DTN Oil Update

Oil Futures Rebound From Multi-Year Lows on 90-day Tariff Pause

TACOMA (DTN) -- Oil futures settled higher Wednesday after earlier falling to their lowest levels since September 2021, following U.S. President Donald Trump's announcement of a 90-day pause on tariffs levied on 75 non-retaliatory countries.

A sharp intraday decline was followed by a rebound in afternoon trading as traders reacted to the new tariff measures enacted by the Trump administration.

The front-month NYMEX WTI crude contract for May delivery settled at $62.79 barrel (bbl), up $3.21 from the previous day's settle of $59.58. It traded as low as $55.12 during the session. ICE Brent crude for June delivery settled at $65.86 bbl, up $3.04 from Tuesday's $62.82 settle. Brent reached an intraday-low of $58.40.

May RBOB gasoline futures settled at $2.0441 gallon, up $0.0527 from the previous settlement of $1.9914. The front-month ULSD contract settled at $2.1189 gallon, up $0.0619 from $2.0570 on Tuesday.

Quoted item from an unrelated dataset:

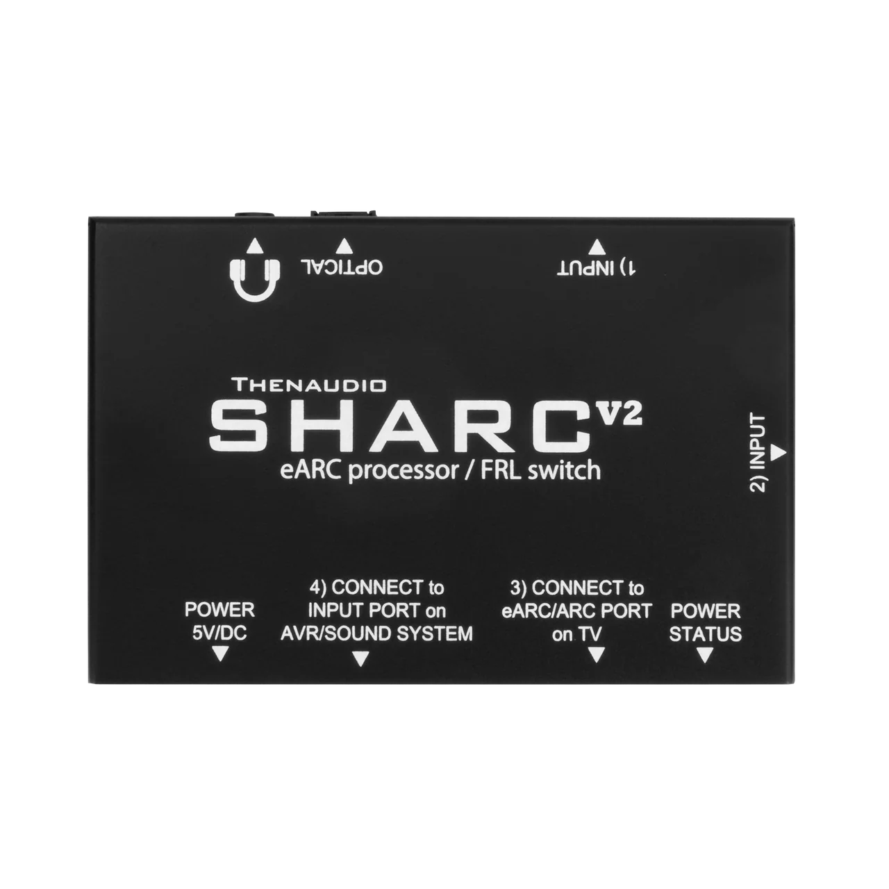 Der SHARC-V2 von THENAUDIO ist ein eARC-Audioprozessor mit zwei Zonen, der über einen rauscharmen, hochwertigen DAC verfügt und über einen 3,5-mm-Analogausgang eine hohe Dynamik mit nativer Unterstützung von Abtastraten bis zu 384 kHz bietet. Zusätzlich fungiert der SHARC-V2 als fortschrittlicher HDMI-2.1-A/V-Umschalter mit 8K, 48 Gbps (FRL 6) und CEC-Steuerung, basierend auf einer integrierten, abgespeckten Version des THENAUDIO GUIDE-Switches.

The U.S. Dollar Index settled at 102.715 on Wednesday, an increase of 0.14 from the previous close of 102.701.

On Wednesday, the United States raised tariffs on Chinese imports to 125%, following President Trump's announcement of an additional 84% levy the previous day. Earlier tariff rounds of 10% were implemented in February and March. In response, China's Customs Tariff Commission announced it would raise tariffs on U.S. goods from 34% to 84%, effective Thursday, April 10.

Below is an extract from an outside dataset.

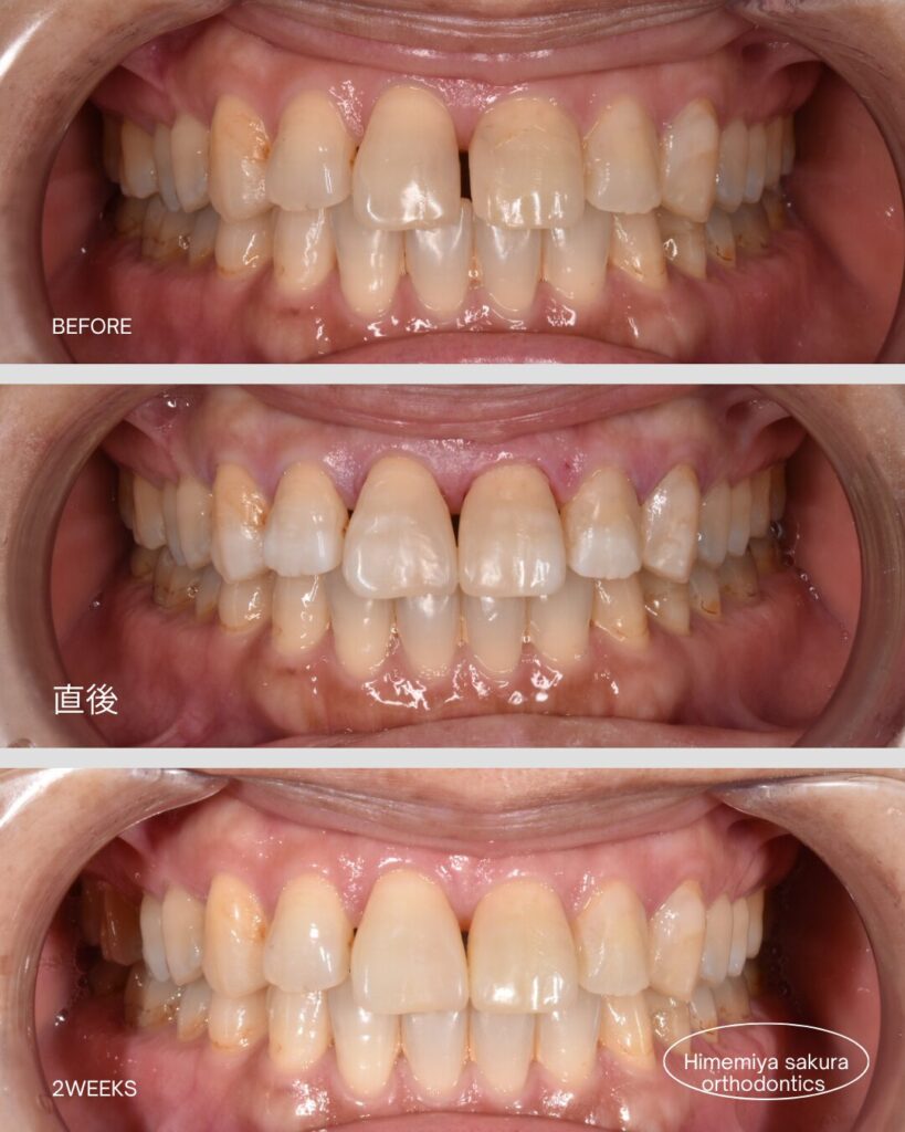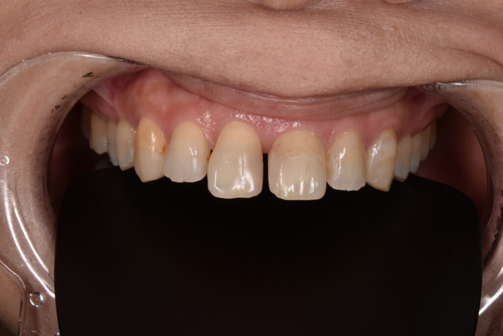 50代女性 前歯の隙間にコンプレックスがあって、いつも笑う時はその隙間を隠すように手で口元を隠していたとのこと。今回はその隙間をできるだけ矯正等で時間をかけるのではなく、その部分だけで改善したいとご希望されました。

Alongside these actions, the Trump administration introduced a 90-day pause on reciprocal tariffs for most other countries, reducing them to a flat 10% while trade officials from the Departments of Commerce, Treasury, and the U.S. Trade Representative conduct negotiations with over 75 nations. The pause excludes China, and existing sector-specific tariffs, such as those on automobiles, remain in effect.

European Union trade ministers met this week in Brussels to discuss a response to U.S. tariffs on steel and aluminum. The ministers also stated their support for a zero-tariff trade agreement.

Imports from the European Union are now subject to a 20% tariff, and Japanese goods face a 24% tariff. Imports from Canada and Mexico are not affected by the new measures.

Despite the bullish sentiment seen today, oil futures markets will remain under downward pressure due to abundant supply and weak demand fundamentals.

Earlier in April, OPEC+ member states agreed to increase oil production by 411,000 bpd starting in May. The group previously implemented production limits through coordinated supply management. Additionally, the trade war is expected to negatively impact China's economic growth, the world's largest buyer of oil and gas.

Separately, the American Petroleum Institute reported Tuesday that U.S. commercial crude oil inventories declined by 1.06 million bbl during the week ending April 4. Gasoline inventories rose by 207,000 bbl. Distillate fuel inventories declined by 1.84 million bbl during the same period.